Maybe You Can’t Handle Change…

“No plan of operations extends with any certainty beyond the first encounter with the main enemy forces”, so said Prussian Field Marshal Helmuth von Moltke the Elder in 1871. He was indeed a wise man because more than 150 years later, we are constantly reminded of this.

That is why the military plan and train for numerous scenarios because they know that the initial plan will not survive the initial contact with the enemy. They have viable options.

Never was this more driven home for me than when I was working in the Middle East, for Coca-Cola. We had set our company revenue forecast, budgets and agreed our major initiatives as usual in September of the previous year. In August of the current year, Iraq invaded Kuwait. That changed everything.  All the business plans that we had prepared to present to key Division office personnel, that had flown in the night before the invasion, were useless. The business planning meeting planned for Aug-6 changed dramatically.

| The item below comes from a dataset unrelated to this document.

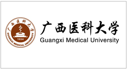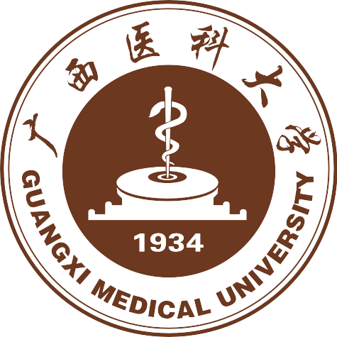 beat365在线唯一官网校徽,形状为圆形,中间为象征医神的蛇杖、象征时光的日暑和学校创办时间1934等元素,中文楷体beat365在线唯一官网围绕上半圆,英文黑体GUANGXI MEDICAL UNIVERSITY围绕下半圆,底色为金黄色。

2020 was similar for most of us. As Covid-19 hit us in March and the magnitude of the pandemic became apparent, the plans we had devised suddenly became digital firewood. All our forecast and budgets assumptions went up in Microsoft smoke. How were we going to go about adjusting them and getting back on track?

Now as an aside, being a Mac guy there’s nothing I like better than a Microsoft fire.

However, not to digress, fortunately, I had worked with a lot of our clients to start scenario planning when Covid first hit.

Not only had we got scenario planning in place with alternate plans, but we had put these together with an overall operational framework.

Using this framework, we were able to adjust and change direction with the speed necessary. However, without that framework many of my clients would have either:

Procrastinated because they did not want to start all over and therefore hoped their way out of the problem or they would have spent months reinventing themselves.

With the framework, we established we could make tweaks and changes without a complete overhaul of the system.

Imagine one morning you go out to the car and you have problems starting it. If you know anything vaguely about a car, (and I don’t) you know that spark plugs provide the ignition to start as well as maintain power.

Rather than take out the complete engine (or take it to the garage and ask them to do that), you will most likely check the various spark plugs for dirt and wear and replace them where necessary. So it’s the same with an efficient leadership operating system. You just change the things that need changing rather than the whole system. So freedom within a framework.

It is rarely too late to adjust your plans. Quarterly sessions with a fixed agenda and flexibility built in for discussion to resolve the key issues allow for flexibility. The key is the framework to start with, much like ensuring you have a sound foundation for a building before you build the floors on top.

Good plans and good teams constantly evolve to suit the circumstances required, because things DO change. But, making it up as you go along rarely turns out well. We need a framework and agreement on a plan that allows us to make changes and be nimble in doing so.